If you’re a fan of comedies (especially slapstick comedies), then give _The Heat_ a try. 



*Additional Information:*
Starring: Sandra Bullock, Michael McDonald, Melissa McCarthy
Directed by: Paul Feig
Written by: Katie Dippold
Aspect Ratio: 2.40:1
Audio: English: DTS-HD MA 5.1, French DTS 5.1, Spanish 5.1
Studio: 20th Century Fox
Rated: R
Runtime: 117 minutes
Blu-Ray Release Date: October 15, 2013



*Buy The Heat Blu-ray on Amazon*

*Recommendation: Watch for fans of Comedies!​*


----------



## asere (Dec 7, 2011)

Thank you for the excellent review. I have not seen this movie but my wife saw it with some of her friends when it was at the theater and loved it. The first thing she said was that I had to see it and to get it on bluray when it comes out because the movie is hilarious and it is almost like Due Date as far as comedy goes but with girls this time. Well I went ahead and bought it and we plan on watching it this weekend. Plus your review also confirms how good of a movie it is.


----------



## tripplej (Oct 23, 2011)

Thanks for the review. We do like Sandra Bullock. My wife wanted to see this movie in the theater but due to time we were not able to go. We will check it out later via rental. Thanks once again for the review.


----------



## Mike Edwards (Mar 10, 2011)

I gotta agree with Asere's wife... I laughed so hard I had a hard time staying in my seat ... I usually don't like Melissa McCarthy but she had me in stitches in this one.


----------



## -Stan- (Feb 4, 2013)

I watched this on Tuesday and enjoyed it. Thought they tried a little too hard at making people laugh. Some of the material wasn't that great but overall it was worth viewing. Great review.


----------



## Infrasonic (Sep 28, 2010)

Thanks for the review. I laughed pretty hard while watching this in the theaters also. The only comedy that has been better so far this year is _We're the Millers_.


----------



## Mike Edwards (Mar 10, 2011)

Infrasonic said:


> Thanks for the review. I laughed pretty hard while watching this in the theaters also. The only comedy that has been better so far this year is Meet the Millers.

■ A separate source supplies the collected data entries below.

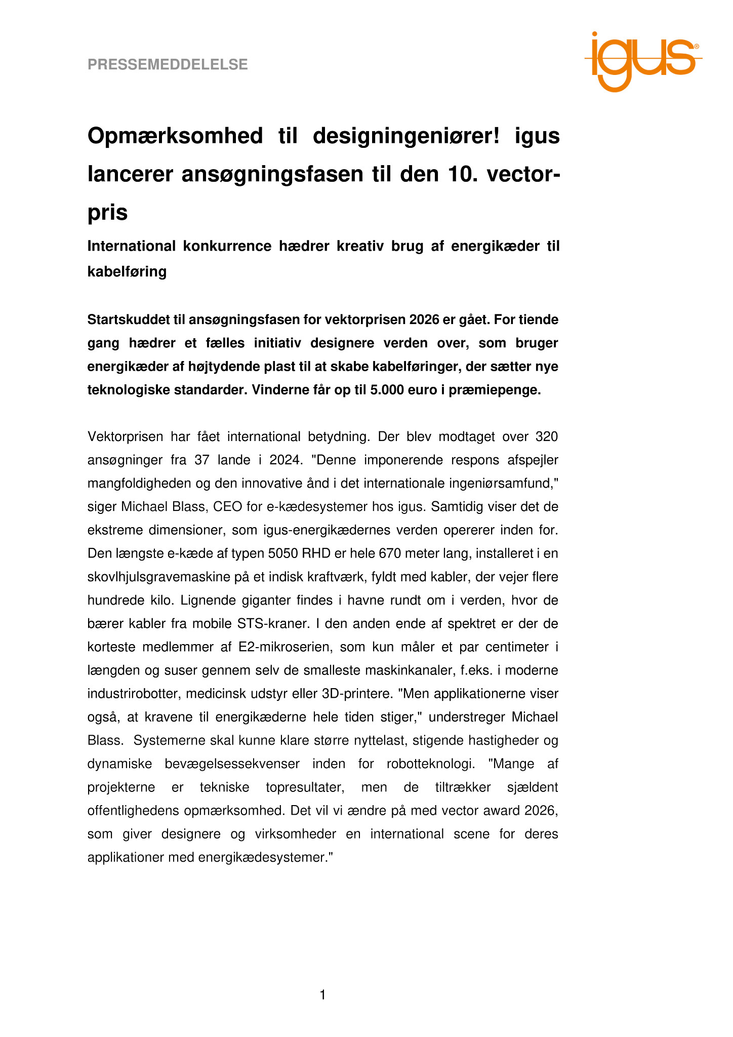 Vektorprisen har fået international betydning. Der blev modtaget over 320 ansøgninger fra 37 lande i 2024. “Denne imponerende respons afspejler mangfoldigheden og den innovative ånd i det internationale ingeniørsamfund,” siger Michael Blass, CEO for e-kædesystemer hos igus. Samtidig viser det de ekstreme dimensioner, som igus-energikædernes verden opererer inden for. Den længste e-kæde af typen 5050 RHD er hele 670 meter lang, installeret i en skovlhjulsgravemaskine på et indisk kraftværk, fyldt med kabler, der vejer flere hundrede kilo. Lignende giganter findes i havne rundt om i verden, hvor de bærer kabler fra mobile STS-kraner. I den anden ende af spektret er der de korteste medlemmer af E2-mikroserien, som kun måler et par centimeter i længden og suser gennem selv de smalleste maskinkanaler, f.eks. i moderne industrirobotter, medicinsk udstyr eller 3D-printere. “Men applikationerne viser også, at kravene til energikæderne hele tiden stiger,” understreger Michael Blass. Systemerne skal kunne klare større nyttelast, stigende hastigheder og dynamiske bevægelsessekvenser inden for robotteknologi. “Mange af projekterne er tekniske topresultater, men de tiltrækker sjældent offentlighedens opmærksomhed. Det vil vi ændre på med vector award 2026, som giver designere og virksomheder en international scene for deres applikationer med energikædesystemer.”
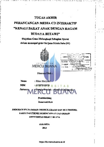 HARYANI, RINA (2012) PERANCANGAN MEDIA CD INTERAKTIF "KENALI BAKAT ANAK DENGAN RAGAM BUDAYA BETAWI". S1 thesis, Universitas Mercu Buana Jakarta.
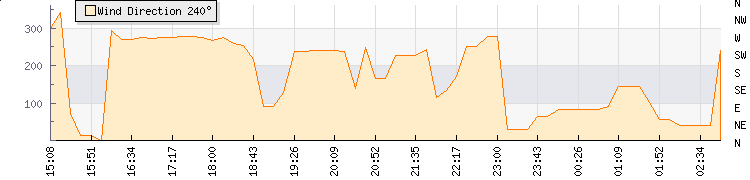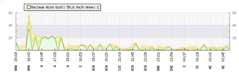 In the last few minutes the wind was East South East at an average speed of 9 kmh, reaching up to 10 kmh and a low of 8 kmh. The gust strength is2 kmh above the minimum speed |
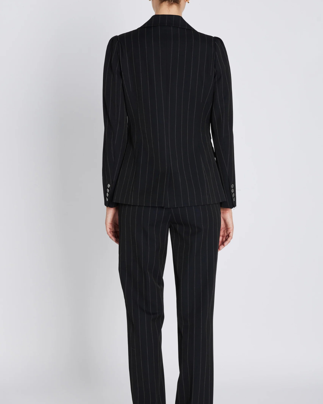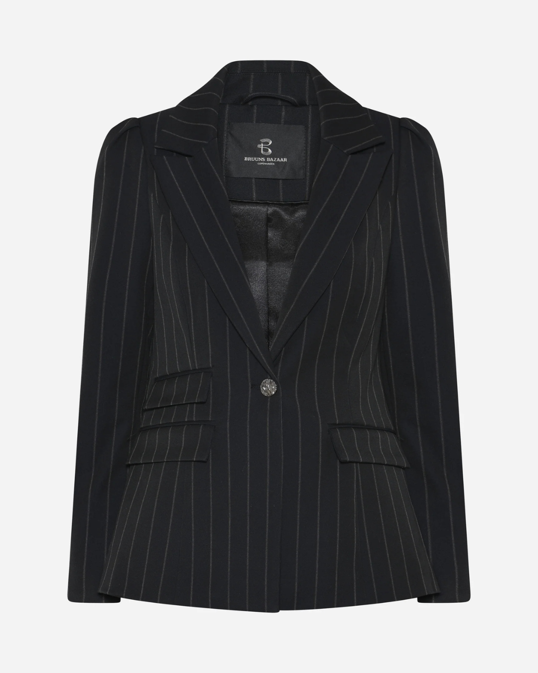 HydrangeaBBNora Blazer fra Sweetpie er en skarpt skreddersydd blazer med rett passform og markerte skuldre som gir et moderne og kraftfullt uttrykk. Klassiske slag og knappelukking understreker det tidløse designet, mens den sorte pinstripe-strukturen tilfører en sofistikert detalj.

AGREED. "Meet the Millers" is one of the only movies that I got yelled at cuz I was laughing so hard in the theaters


----------



## JBrax (Oct 13, 2011)

I thought it was ok. I had pretty high expectations for this one and it didn't quite live up to the hype. Totally agree that We're the Millers was much better. This is the End was another that topped The Heat.


----------



## ALMFamily (Oct 19, 2011)

Thanks for the review Todd!

Sandra Bullock fan here so I am sure this will end in in my collection at some point...


----------



## asere (Dec 7, 2011)

Just saw The Heat. Thought it was hilarious!


----------



## ericzim (Jun 24, 2012)

Just watched this one again last night, I laughed so hard I think I peed a little. The bit with the cat during the end credits is hilarious.


----------



## gorb (Sep 5, 2010)

Thanks for the review. I haven't seen the movie yet, but I did hear it was funny and I think that one of my favorite comedians has a tiny part in it (Bill Burr). I'll try and check it out soon


----------